Apenas quatro dias após o ataque terrorista na boate Pulse, em Orlando, na Flórida - que deixou 50 pessoas mortas e vários feridos -, a cidade vive mais uma tragédia. Desta vez, a vítima foi um menino de dois anos, que passava férias com os pais na Disney e estava hospedado em um hotel localizado no complexo do parque temático.
A criança estava molhando os pés nas águas de um lago artificial, cercado por uma área de mata, quando repentinamente um jacaré o abocanhou. O pai do garoto, desesperado, ainda tentou arrancar o filho da boca do réptil e a mãe da vítima também chegou a pular na água. No entanto, os pais não obtiveram sucesso, diante do violento ataque, e a criança foi arrastada para dentro da lagoa pelo animal. No começo da noite de ontem, os policiais que faziam as buscas pelo local encontraram o corpo da criança intacto e sem vida na água.

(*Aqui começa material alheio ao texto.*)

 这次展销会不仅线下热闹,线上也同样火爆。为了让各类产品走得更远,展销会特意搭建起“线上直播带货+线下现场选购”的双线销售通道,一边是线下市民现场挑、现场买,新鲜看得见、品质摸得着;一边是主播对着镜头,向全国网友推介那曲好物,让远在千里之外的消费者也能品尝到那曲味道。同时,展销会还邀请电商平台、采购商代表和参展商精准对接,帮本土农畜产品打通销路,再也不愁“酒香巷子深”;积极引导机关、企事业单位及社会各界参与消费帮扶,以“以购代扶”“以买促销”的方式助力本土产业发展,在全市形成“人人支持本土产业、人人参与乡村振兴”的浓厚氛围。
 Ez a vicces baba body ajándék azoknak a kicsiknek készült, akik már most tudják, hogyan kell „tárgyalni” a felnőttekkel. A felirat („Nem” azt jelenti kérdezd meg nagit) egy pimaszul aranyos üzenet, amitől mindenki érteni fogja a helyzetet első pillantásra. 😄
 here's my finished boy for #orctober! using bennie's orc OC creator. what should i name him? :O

O terrível acidente ocorrido com o menino remete, automaticamente, a outro triste episódio relatado semanas atrás: o de uma criança que caiu na jaula onde ficava um gorila, em um zoológico de Ohio, nos Estados Unidos. O garoto despencou de uma altura de quatro metros, em um instante de distração da mãe, e foi arrastado pelo primata dentro da água existente no espaço, deixando os pais da criança e os frequentadores do zoo apavorados. Por sorte, houve um final menos trágico, pois, não vendo outra saída, a direção do estabelecimento autorizou que atirassem no gorila, que teve sua vida tirada para poupar a do garotinho.

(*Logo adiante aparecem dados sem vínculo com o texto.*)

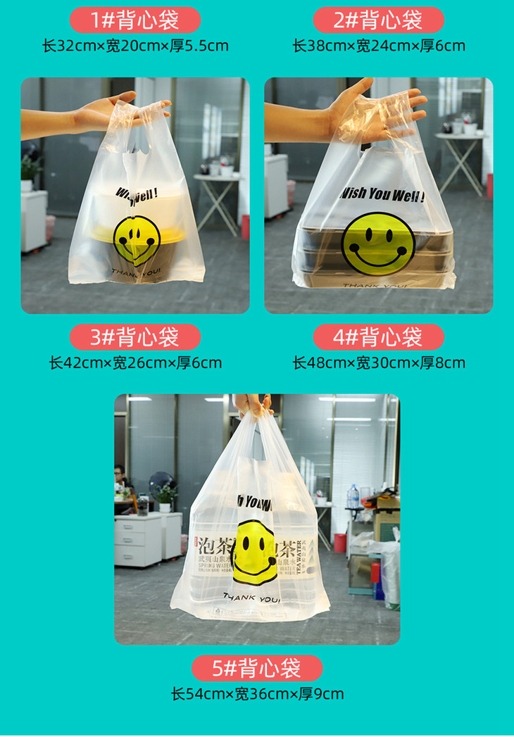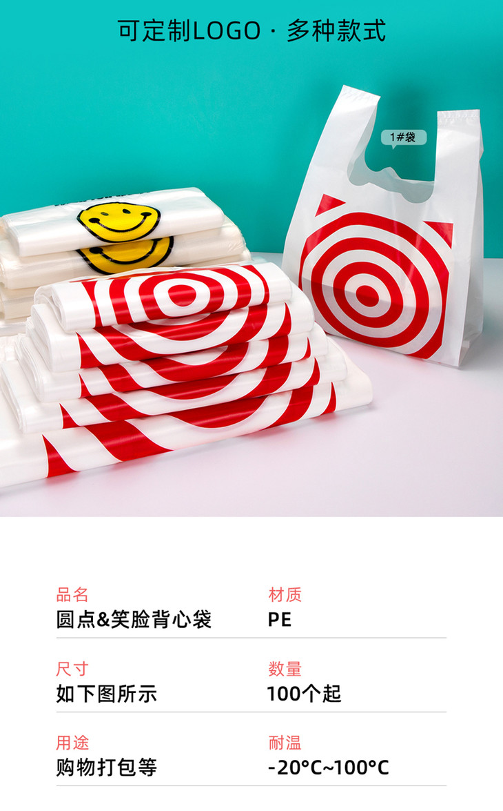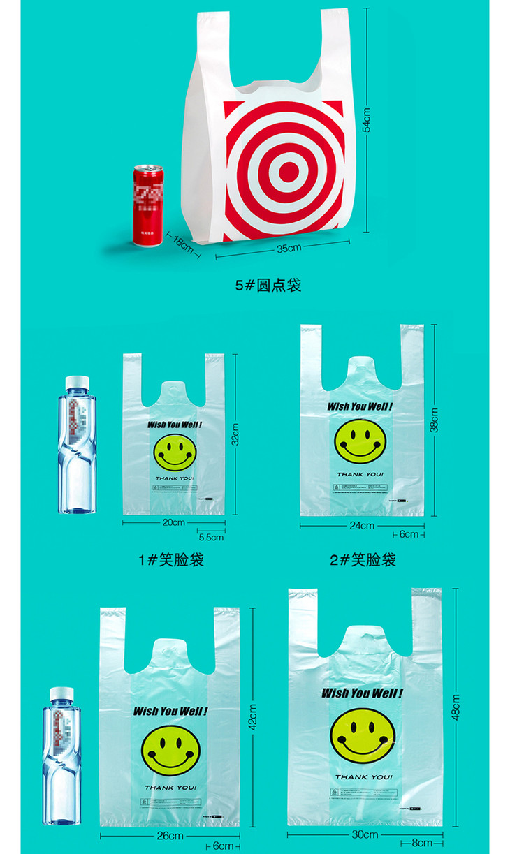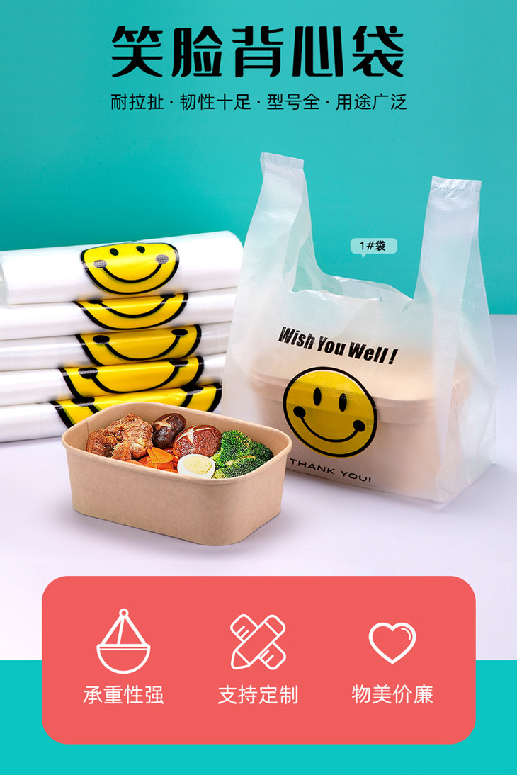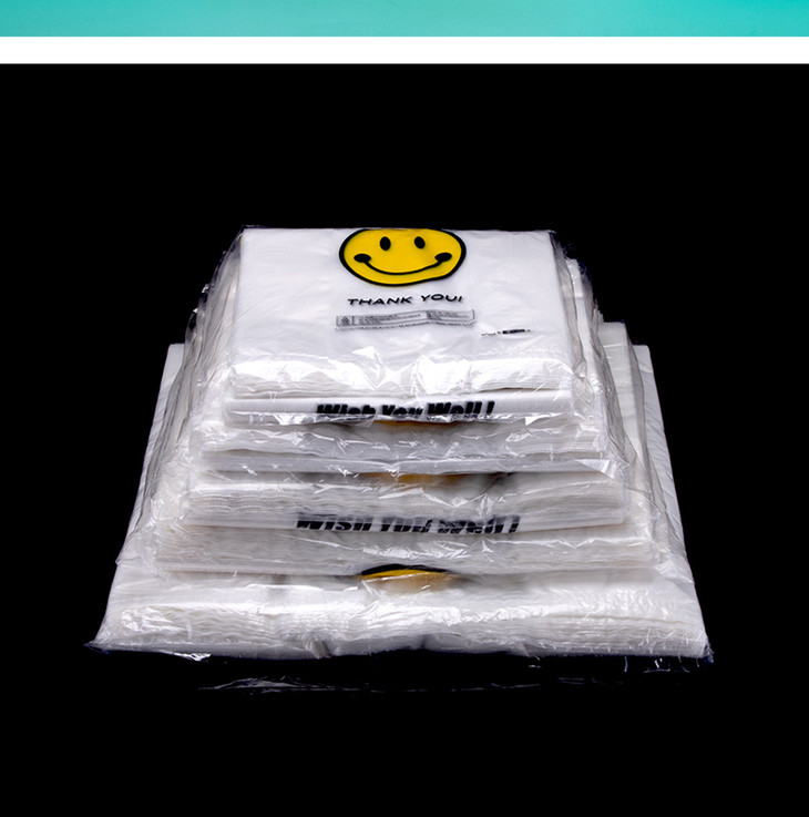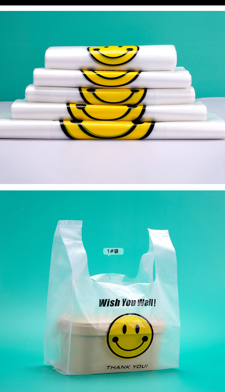 喇叭花笑脸塑料袋背心方便手提购物袋打包袋小号透明食品袋子定制

O sacrifício gerou protestos acalorados por parte de defensores dos direitos dos animais, que criticaram a interferência do homem na vida dos bichos, obrigando-os a ficarem confinados em lugares diminutos, apenas para satisfazer a curiosidade humana. Houve quem exagerasse e culpasse até a mãe da criança, acusando-a de desleixo.
O fato é que tragédias acontecem e que, embora não seja certo enjaular nenhum animal, especialmente os selvagens, é prematuro culpar quem já sofreu por ver o filho ser atacado de forma tão inesperada. Talvez seja o caso de verificar se o parque e o zoológico sabiam dos riscos de alguém cair em alguma jaula ou, como aconteceu ontem, de ser atacado por um jacaré dentro do lago.
No Brasil, no verão, volta e meia crianças também se afogam ao ser sugadas em ralos de piscinas de parques aquáticos. Por isso, é preciso que os pais fiquem bem atentos e pesquisem bem aonde levam seus filhos. Em se tratando, principalmente, de crianças, todo cuidado é pouco.